Твою мать, так вот что испытывал этот мужик каждую секунду? Как будто в глазницу вставили раскалённый прут и провернули его там, наматывая мозги на железяку.
— Пелелаботать, — простонал я.
«В пользу какой доминанты вы желаете переработать „Нейробластому“?». Спросил женский вибрирующий голос, и я почувствовал что меня трясут за плечо.
— Без лазницы! Пелелаботай уже эту гадость! — выкрикнул я, не в силах даже думать от этой чудовищной боли.
«Запрос принят. Нейробластома переработана в пользу повышенного болевого порога. Повышенный болевой порог. Доминанта заполнена на 25%. Для развития способности желаете переработать новую доминанту?»
Стоило кристаллу нейробластомы лопнуть, как боль резко прекратилась. Осталось лишь сердцебиение, оглушительно отбивающее ритм в ушах. Я вывалился из чертогов разума и увидел перед собой маму и Яковлевича. Оба были напуганы.
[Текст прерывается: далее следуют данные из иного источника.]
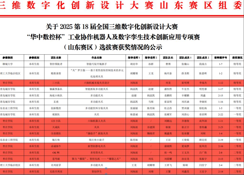 8月18日至8月19日,2025第18届全国3D大赛“华中数控杯”工业协作机器人及数字孪生技术创新应用专项赛全国总决赛在厦门理工公司举行。由公司mk体育的刘龙、崔明博、刘瞻远团队在历经省赛、国赛,从3000余支队伍中脱颖而出,斩获全国总决赛三等奖。同时公司mk体育学子在山东赛区中取得一个省级特等奖、三个省级一等奖、四个省级二等奖的优异成绩。
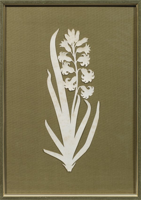 Um 1806-1810 entstandener Scherenschnitt aus weißem Papier, auf textilem Untergrund montiert. Der 2018 im Besitz der mit Runge eng verbundenen Künsterfamilie Speckter wiederentdeckte Pflanzenschnitt gehört zu dem bedeutenden Werkkomplex von Scherenschnitten im Oeuvre des Frühromantikers. Die vorliegende Hyazinthe zeigt in ihrem Echeinungsbild evidente Parallelen zu anderen bekannten Scherenschnitten Runges von dieser intensiv duftenden Blütenpflanze mit ihrer tiefen Symbolik. Charakteristisch für seine Auffassung sind die scharf geschnittenen, schwertförmigen Blätter, die sich formal vom feingliedrigen Blütenstand abheben. Durch die Blüten in unterschiedlichen, biologisch prozesshaften Öffnungsstadien erhält der Scherenschnitt zugleich eine entscheidende Dynamisierung. Runges Scherenschnitte von Pflanzen sind von konzentrierter Schönheit und Ausdruck seiner romantischen Naturfrömmigkeit. Bereits als Kind an Tuberkulose erkrankt, entdeckte Runge früh seine Neigung zum Scherenschnitt und Pflanzenmotiven. Goethe sandte er zahlreiche Blumen für die Zimmerdekoration samt Anleitung zur Anbringung und Aufbewahrung der Schnitte. 1805 gelang ihm der künstlerische Durchbruch mit Radierungen zu seinen Scherenschnitten in dem Zyklus "Die Zeiten", der in einer ersten Kleinstauflage von 25 Exemplaren erschien. Eines erwarb Goethe und schmückte damit sein Musikzimmer mit der Beurteilung: "zum rasend werden, toll und schön zugleich". Scherenschnitt ca. 25,5 x 10 cm. Rahmen.

— Плосто живот плихватило. Я сейчас, — соврал я и попытался выбежать из палаты, но мама остановила меня.
— Миша, у тебя кровь из носа идёт, а с глазами что? Все капилляры полопались. — Она обхватила мою голову ладонями и стала пристально изучать лицо
— Всё холошо. Я сейчас. — С трудом освободившись из её хватки, я пошел на выход, остановился у двери и, не оборачиваясь, сказал. — Сколо вам станет легче. Я обещаю.
— Ага. Ты, главное, сам не хворай, — обеспокоенно отозвался Яковлевич.
— Посталаюсь
Выбежав в коридор, я направился в туалет. Честно говоря, даже не понимаю, зачем я туда пошел. Раковины висели чертовски высоко, и я не мог дотянуться до кранов, а унитаз мне совсем был не нужен. Но легенду о том, что живот прихватило, я должен был поддержать. Постоял пару минут, раздумывая о том, насколько же силён дух Яковлевича, если он всё время терпел такую боль — и даже улыбался.
Жуть какая-то. Впрочем, всё позади. А я теперь могу открыть свою клинику. Приходи ко мне лечиться и котёнок, и волчица. Ха-ха. Котёнка я, правда, уже исцелил один раз. Осталось вылечить волчицу, и я стану настоящим доктором Айболитом.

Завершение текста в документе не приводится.